8. A device for determining the health status of a compressor, characterized in that, The compressor is equipped with a vibration sensor and an operating status acquisition component. The device includes: The data acquisition module is used to acquire vibration status data of the compressor through the vibration sensor and to acquire operating status data of the compressor through the operating status acquisition component. An energy entropy characteristic determination module is used to determine the vibration energy entropy characteristics of the compressor based on the vibration state data. An operation characteristic determination module is used to determine the operation status characteristics of the compressor based on the operation status data; The weighting coefficient determination module is used to acquire the operating environment data of the compressor and determine the feature weighting coefficients based on the vibration energy entropy characteristics, the operating state characteristics, and the operating environment data. The health parameter determination module is used to determine the compressor health parameters based on the vibration energy entropy characteristics, the operating state characteristics, and the feature weighting coefficients. The health status determination module is used to determine the health status of the compressor based on the compressor health parameters.

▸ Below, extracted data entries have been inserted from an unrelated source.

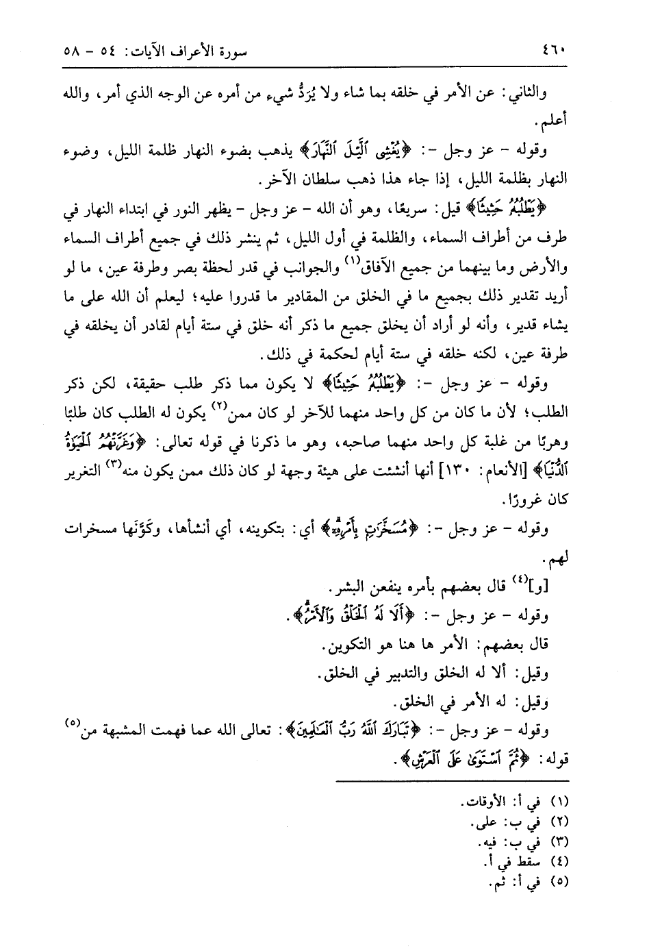 وقوله - عَزَّ وَجَلَّ -: (تَبَارَكَ اللَّهُ رَبُّ الْعَالَمِينَ): تعالى اللَّه عما فهمت المشبهة من قوله: (ثُمَّ اسْتَوَى عَلَى الْعَرْشِ).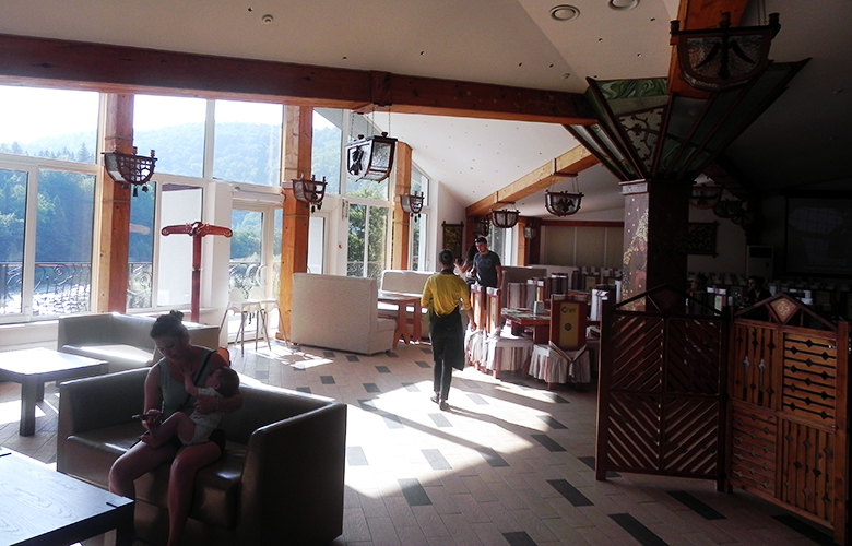 Оскільки сніданок був по-карпатськи щедрий, то протягом дня нам вистачило снеків та напоїв. А потім була вечеря у ресторані. Меню досить різноманітне. Можна взяти деруни зі сметаною, бануш чи вареники, що коштують по 30 грн за порцію, а можна салат, форель на грилі чи шашлик. Вартість гарної вечері на одного може бути від 100 грн з напоєм та десертом. Вечеряли ми у «Станіславському» двічі, в суботу та неділю, і нам все сподобалося – дуже смачно.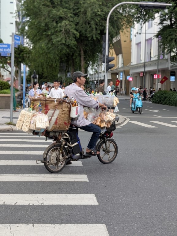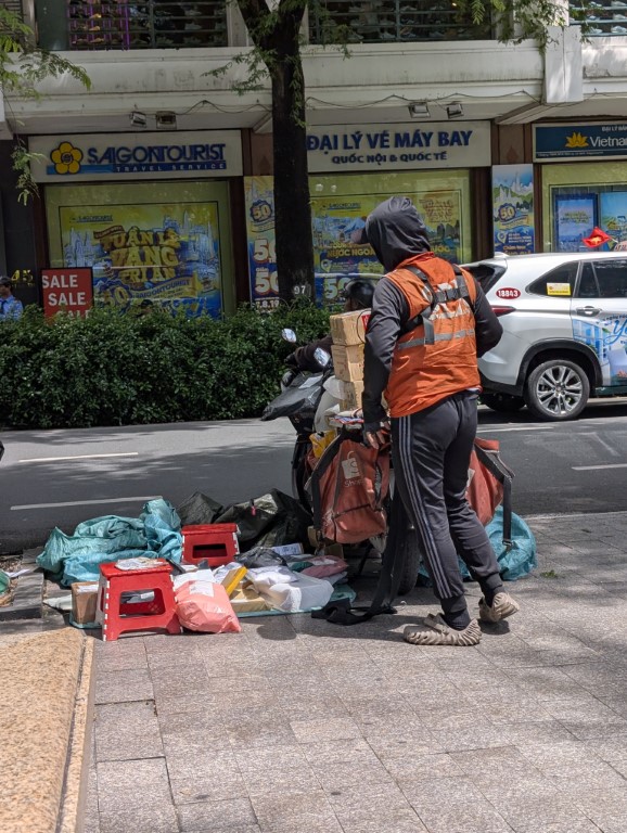 Our main aims in Ho Chi Minh were to taste as many things as we could, and check out as many shopping areas as we could, while sussing out how people navigated their world at the same time. The constant movement and micro stories that unfold at every corner is overwhelming, thrilling, and exasperating. People selling bags of food pinned to fences. People with bamboo poles balanced across their shoulders selling coconuts filled with fresh milk. Hoards of people waiting to collect their post from an un-uniformed guy managing a pile of deliveries on a tarp on the footpath. People sleeping balanced on their motorbike, flip flops hanging from their toes. Cobblers and bike-repair experts waiting for their next customer on the broken pavement. People, people, everywhere wearing head to toe fleece in 32-degree heat, as we sweltered in linen shorts and tees.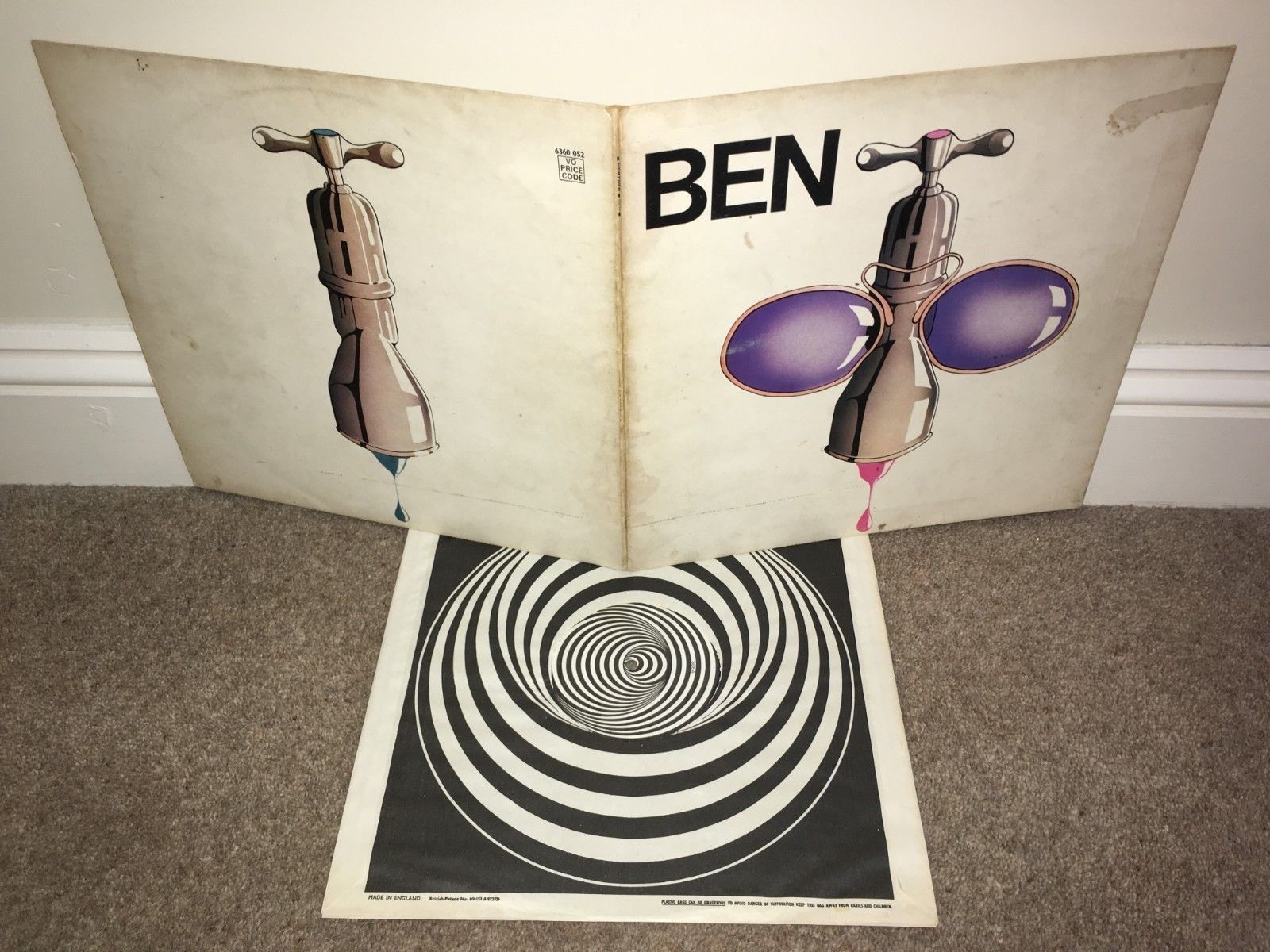 Original 1971 UK 1st Press unlaminated gatefold sleeve complete with original ultra clean unaged and 100% unsplit inverted swirly inner!!! IMPOSSIBLE to find this sleeve in anything approaching a good condition - most are spent, torn and worn with HEAVY wear and DRASTIC ink rubbing due to age and the lifestyles of the buyers of this particular LP!!! This one is not too bad at all, and looks GREAT, especially considering the nature of these fragile sleeves!!! NO graffiti OR writing, NO splits OR excessive wear, and still strong and solid after all these years!!! Only has a few usual signs of ageing such as a small amount of ultra light creases and a touch of a record imprint, some light signs of general mild ink rubbing and ageing in places such as a few minor storage spot and a surface tear to the top right of the front (INCREDIBLY common with this sleeve - minimal compared to most), some minor dust spots to the centre of the inside and just a touch of minor vague water discolouration along part of the spine (nothing overly drastic at all), a touch of denting to the four corners which basically ALL vintage LP's have, and POSSIBLY (just to be sure!!!) one or two other minor signs of age here and there, though nothing that really stands out to note at all!!! And that's truly about it!!! I tend to bring it down by listing the most minor negatives I can find, but this is still a BRILLIANT sleeve, and it's a TRUE rarity to find one as strong, vibrant and as together as this - most have been virtually destroyed, really heavily worn, or are just about being held in one piece, but not this one!!! It remains ultra strong, solid, unsplit and unspoilt, and even the spine remains ultra strong, solid, unsplit and 100% readable!!! Must grade overall at least as Good+++!!! (graded STRICTLY to the UK RRPG standards, not trashed or overgraded AT ALL!!! Customer satisfaction is of 100% importance to me)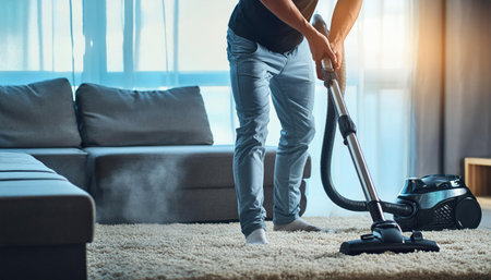 Young man vacuum cleaning carpet in living room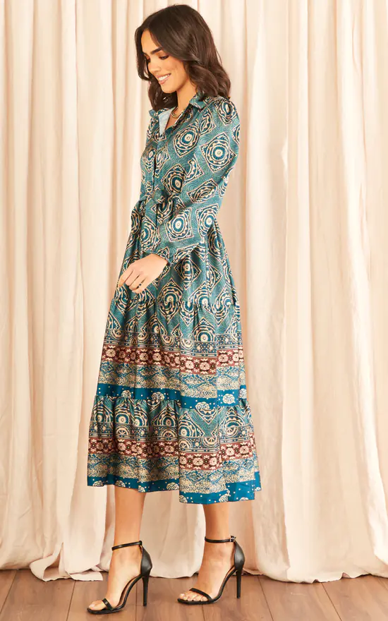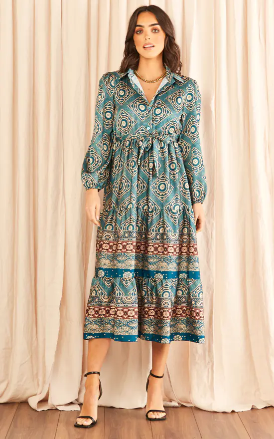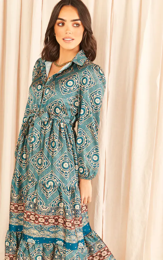 We love shirt dresses as they can be professional, casual, and elegant, depending on where and how you style them. This particular print dress has a waist belt, satin feeling, collared neckline, tiered design, and it is perfect for wedding guests. With a gold necklace, earrings, and ankle strap heels, you will look elegant in no time!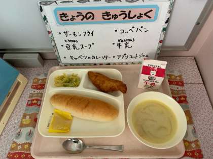 サーモンフライ、豆乳スープ、キャベツのカレーソテー、コッペパン、アプリコットジャム、牛乳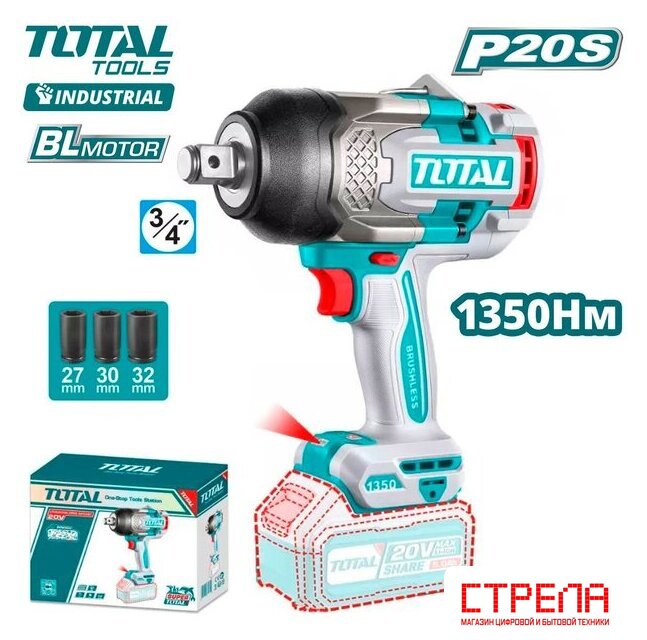 - Гайковерт - 1 шт.- Торцевая головка (27, 30, 32 мм) - 3 шт.- Инструкция- Коробка |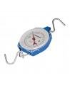 Báscula con flexómetro con mango y gancho de metal robusto. Indicador de 65 mm de diámetro con graduaciones métricas e imperiales. Flexómetro integrado de 1 m de longitud. Para pesar y medir.

9. A vehicle, characterized in that, It includes a processor, a memory, and a computer program stored in the memory and capable of running on the processor, wherein the computer program, when executed by the processor, implements the method as described in any one of claims 1-7.
10. A computer-readable storage medium, characterized in that, A computer program is stored on the computer-readable storage medium, which, when executed by a processor, implements the method as described in any one of claims 1-7.